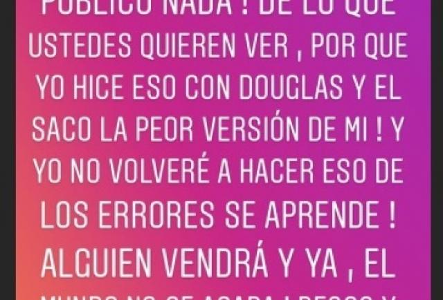 A través de su cuenta de Instagram subió varias historias que demostraban lo mal que la está pasando y varios mensajes para Ronald.
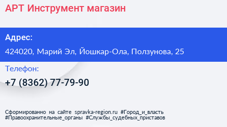АРТ-Инструмент, магазин по адресу 424020, Марий Эл, Йошкар-Ола, Ползунова, 25 в дальнейшем Организация, размещена в следующих категориях:
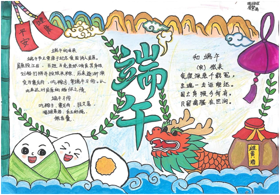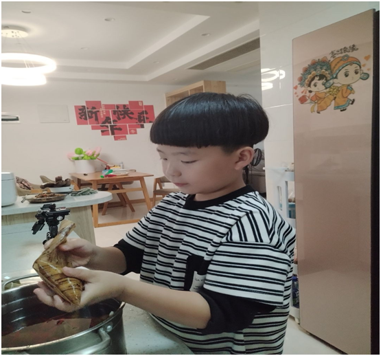 端午假期,亲子包粽子活动温馨上演。粽叶与糯米在家长和孩子的巧手中变成一个个粽子,传统手艺在指尖传承,亲子温情也在互动中流淌。与此同时,一二年级学生身着汉服、佩戴香囊,用清脆的童谣演绎端午韵味;三四五年级学生拿起画笔,在A4纸上创作端午手抄报,将历史故事、民俗风情等融入其中,诠释自己对端午的独特理解。
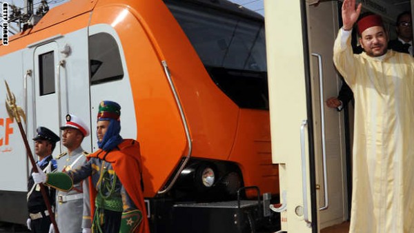 ولإشراف الملك المغربي على الاحتفالات أهمية في التقاليد المغربية حيث أنّ العاهل هناك يحمل لقب “أمير المؤمنين.” وفي الصورة الملك محمد السادس وهو ينتقل إلى المسجد لصلاة عيد الأضحى على متن القطار عام 2009
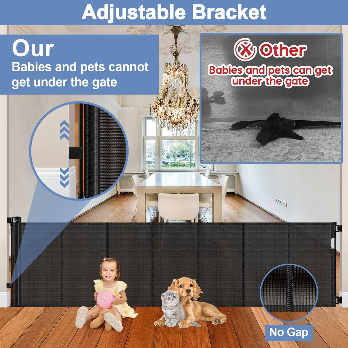 Upgraded Extra Wide Retractable Gate Reinforcement Strip Design - the mesh wont sag Adjustable bracket - babies and dog cant get under the extra wide retractable gate Upgraded Spring - retract smoothly Reinforced Strip Design - the mesh wont sag : We put reinforced straps in the mesh so that the top of the mesh doesn't sag and the bottom can't be lifted. Adjustable bracket - babies and dog cant get under the retractable gate : extra wide retractable baby gate bracket can be adjusted up and down to install over the baseboard.There is no gap between the retractable dog gate and the floor, so children and pets cannot get under the retractable pet gate. Upgraded Spring - retract smoothly : we have thickened the spring of the extra wide baby gate to make them more stretchy. The extra long baby gate retracts smoothly without getting stuck and the mesh won't wrinkle. 150 Inch Extra Wide Retractable Gate :extra wide dog gates for doorways is 33'' tall, suitable for 0-150'' wide openings. The mesh can be completely rolled up when not in use and does not take up space. Indoor / Outdoor Gate : extra wide pet gate can be used as kitchen gate, living room gate, doorway gate, bottom of stairs gate, fireplace gate, garage gate, porch gate, deck gate, patio gate, backyard gate. Suitable for Babies/Dogs/Cats : the mesh is scratch-resistant, soft and durable. Prevent your kids from climbing the Reinforced gate and pets from tearing the mesh with their claws. Provide a safe environment for your babies, dogs and cats. Easy to Use for Adults : the extra large baby gate can easily open and close the gate with one hand while holding the baby. Easy to open for adults, but difficult for babies.

> _EXERCISE OBJECTIVE_
Reproduce the data in full. Do not carry over any picture.

> _YOUR SOLUTION_
 A través de su cuenta de Instagram subió varias historias que demostraban lo mal que la está pasando y varios mensajes para Ronald.
АРТ-Инструмент, магазин по адресу 424020, Марий Эл, Йошкар-Ола, Ползунова, 25 в дальнейшем Организация, размещена в следующих категориях:
 端午假期,亲子包粽子活动温馨上演。粽叶与糯米在家长和孩子的巧手中变成一个个粽子,传统手艺在指尖传承,亲子温情也在互动中流淌。与此同时,一二年级学生身着汉服、佩戴香囊,用清脆的童谣演绎端午韵味;三四五年级学生拿起画笔,在A4纸上创作端午手抄报,将历史故事、民俗风情等融入其中,诠释自己对端午的独特理解。
 ولإشراف الملك المغربي على الاحتفالات أهمية في التقاليد المغربية حيث أنّ العاهل هناك يحمل لقب “أمير المؤمنين.” وفي الصورة الملك محمد السادس وهو ينتقل إلى المسجد لصلاة عيد الأضحى على متن القطار عام 2009
 Upgraded Extra Wide Retractable Gate Reinforcement Strip Design - the mesh wont sag Adjustable bracket - babies and dog cant get under the extra wide retractable gate Upgraded Spring - retract smoothly Reinforced Strip Design - the mesh wont sag : We put reinforced straps in the mesh so that the top of the mesh doesn't sag and the bottom can't be lifted. Adjustable bracket - babies and dog cant get under the retractable gate : extra wide retractable baby gate bracket can be adjusted up and down to install over the baseboard.There is no gap between the retractable dog gate and the floor, so children and pets cannot get under the retractable pet gate. Upgraded Spring - retract smoothly : we have thickened the spring of the extra wide baby gate to make them more stretchy. The extra long baby gate retracts smoothly without getting stuck and the mesh won't wrinkle. 150 Inch Extra Wide Retractable Gate :extra wide dog gates for doorways is 33'' tall, suitable for 0-150'' wide openings. The mesh can be completely rolled up when not in use and does not take up space. Indoor / Outdoor Gate : extra wide pet gate can be used as kitchen gate, living room gate, doorway gate, bottom of stairs gate, fireplace gate, garage gate, porch gate, deck gate, patio gate, backyard gate. Suitable for Babies/Dogs/Cats : the mesh is scratch-resistant, soft and durable. Prevent your kids from climbing the Reinforced gate and pets from tearing the mesh with their claws. Provide a safe environment for your babies, dogs and cats. Easy to Use for Adults : the extra large baby gate can easily open and close the gate with one hand while holding the baby. Easy to open for adults, but difficult for babies.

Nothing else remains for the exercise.